Threat hunting explained: what is cyber threat hunting?

June 2, 2020  |  Tawnya Lancaster

What is threat hunting?

The process of threat hunting involves proactively searching for malware or attackers that are hiding within a network. Rather than simply relying on security solutions or services to detect threats, threat hunting is a predictive element to a layered security strategy, empowering organizations to go on the offensive looking for threats. Threat hunting is typically carried out by highly skilled security professionals using sophisticated toolsets to identify and stop hard-to-find malicious activities on a network.

According to Microsoft, an attacker resides on a compromised network a median time of 146 days before being discovered, making this kind of attack an advanced persistent threat (APT). In this amount of time, attackers residing on a network in stealth, can exfiltrate data, access applications to identify and use business details to commit fraud, or laterally move through a network gathering credentials for access to even more valuable data and resources.

Why is threat hunting necessary?

Organizations implementing good security practices and tools such as antivirus, email, and web scanning, firewalls, etc. are taking the necessary first steps. A layered security strategy can be effective in stopping the majority of cyberattacks. However, it should be assumed that some small percentage of advanced attacks will evade detection by traditional security solutions, giving cyber criminals access to an organization’s network for as long as they deem necessary to carry out their malicious activities. Because of the potential risk, it’s this small percentage of attacks that can spur an organization to participate in threat hunting.

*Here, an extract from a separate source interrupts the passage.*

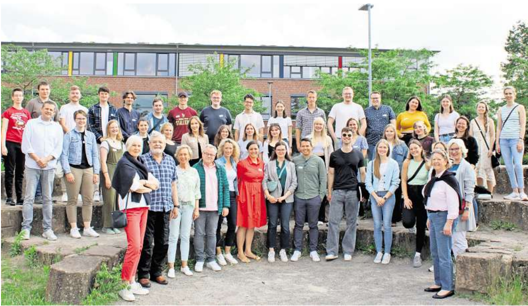
Sie haben vor fünf und zehn Jahren ihr Abitur am Gymnasium Mellendorf abgelegt.

Ehemaligentreffen am Gymnasium Mellendorf
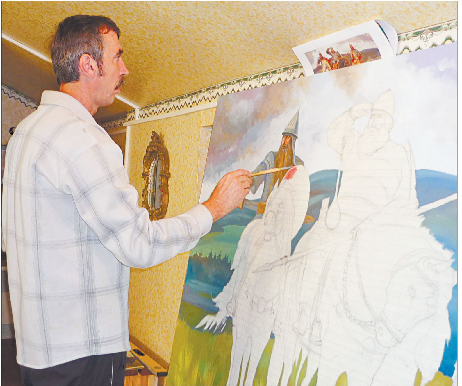
Художник пишет картину. Копия «Трёх богатырей» Васнецова украшает сегодня одну из стен школы № 9

Дистанционные курсы и курсы повышения квалификации, выставочная деятельность в картинных галереях Екатерин-

Implementing a security posture that prevents and detects attacks is defensive in nature – as the idea is to attempt to stop an attack before it happens. Threat hunting is a predictive and offensive tactic, based on the assumption that an attacker has already successfully gained access (despite an organization’s best efforts). Threat hunting uses a mixture of forensics capabilities and threat intelligence to track down where attackers have established footholds within the network and eliminate their access before any damaging malicious actions can take place.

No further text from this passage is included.